(DIRECTIONS FOR THIS TASK):
Please write out every entry below exactly, leaving out any pictures.

(SOURCE DATA):
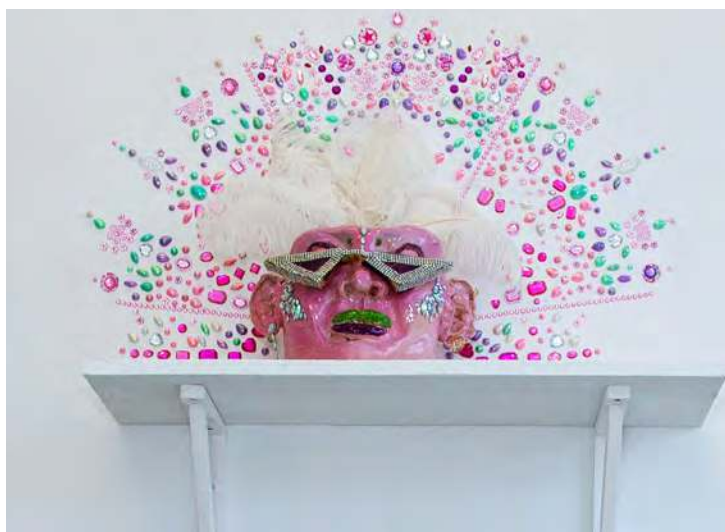
Jordan Røger, The House of Uranistas , céramiques émaillées et cuites, plantes, bijoux et faux diamants, dimensions variables, 2021.

Les médiateur·ices en arts visuels peuvent mettre à disposition de l'enseignant·e l'espace pédagogique et du matériel pour mener un atelier en autonomie. En fonction de l'atelier choisi et du matériel nécessaire, une contribution financière pourra vous être demandée.
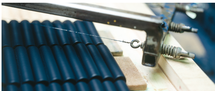
Pastelle werden mit einem drahtbespannten Rahmen zugeschnitten / Wire-strung frame for cutting the pastels
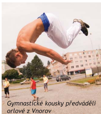
Gymnastické kousky předváděli orlové z Vnorov

Ty se odehrávaly jak v pátek, tak v sobotu. Účastníci oslav si sice museli trochu zajít, ale ti, kteří došli až na určená mís-
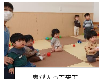
鬼が入って来て、 固まっている0歳児さん
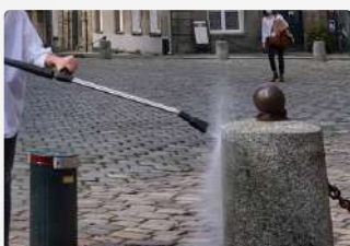
Lavage Haute Pression

Désherbeuse à eau chaude + Lavage Haute Pression / Eau Chaude
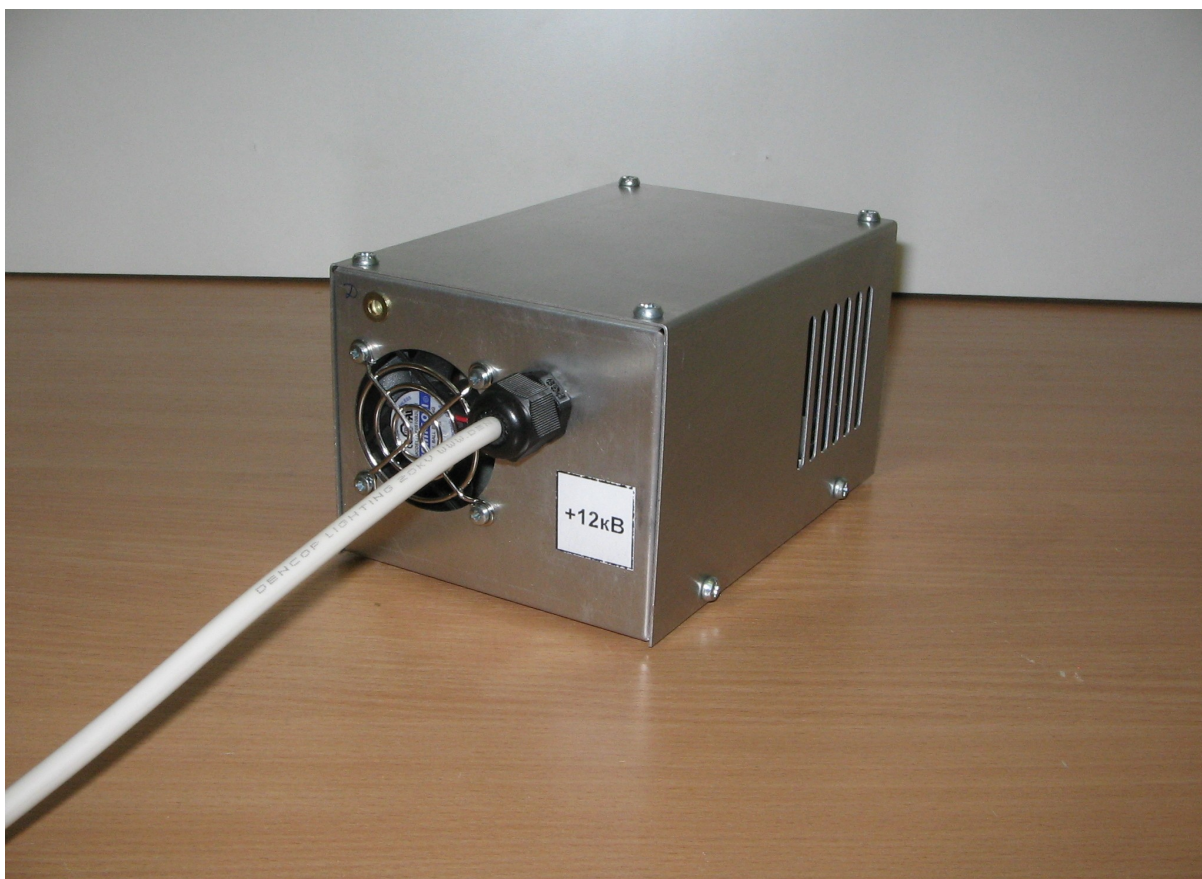
Рис. 2. Внешний вид ИВН-14-10 спереди

(ANSWER FOR THIS EXERCISE):
Jordan Røger, The House of Uranistas , céramiques émaillées et cuites, plantes, bijoux et faux diamants, dimensions variables, 2021.

Les médiateur·ices en arts visuels peuvent mettre à disposition de l'enseignant·e l'espace pédagogique et du matériel pour mener un atelier en autonomie. En fonction de l'atelier choisi et du matériel nécessaire, une contribution financière pourra vous être demandée.
Pastelle werden mit einem drahtbespannten Rahmen zugeschnitten / Wire-strung frame for cutting the pastels
Gymnastické kousky předváděli orlové z Vnorov

Ty se odehrávaly jak v pátek, tak v sobotu. Účastníci oslav si sice museli trochu zajít, ale ti, kteří došli až na určená mís-
鬼が入って来て、 固まっている0歳児さん
Lavage Haute Pression

Désherbeuse à eau chaude + Lavage Haute Pression / Eau Chaude
Рис. 2. Внешний вид ИВН-14-10 спереди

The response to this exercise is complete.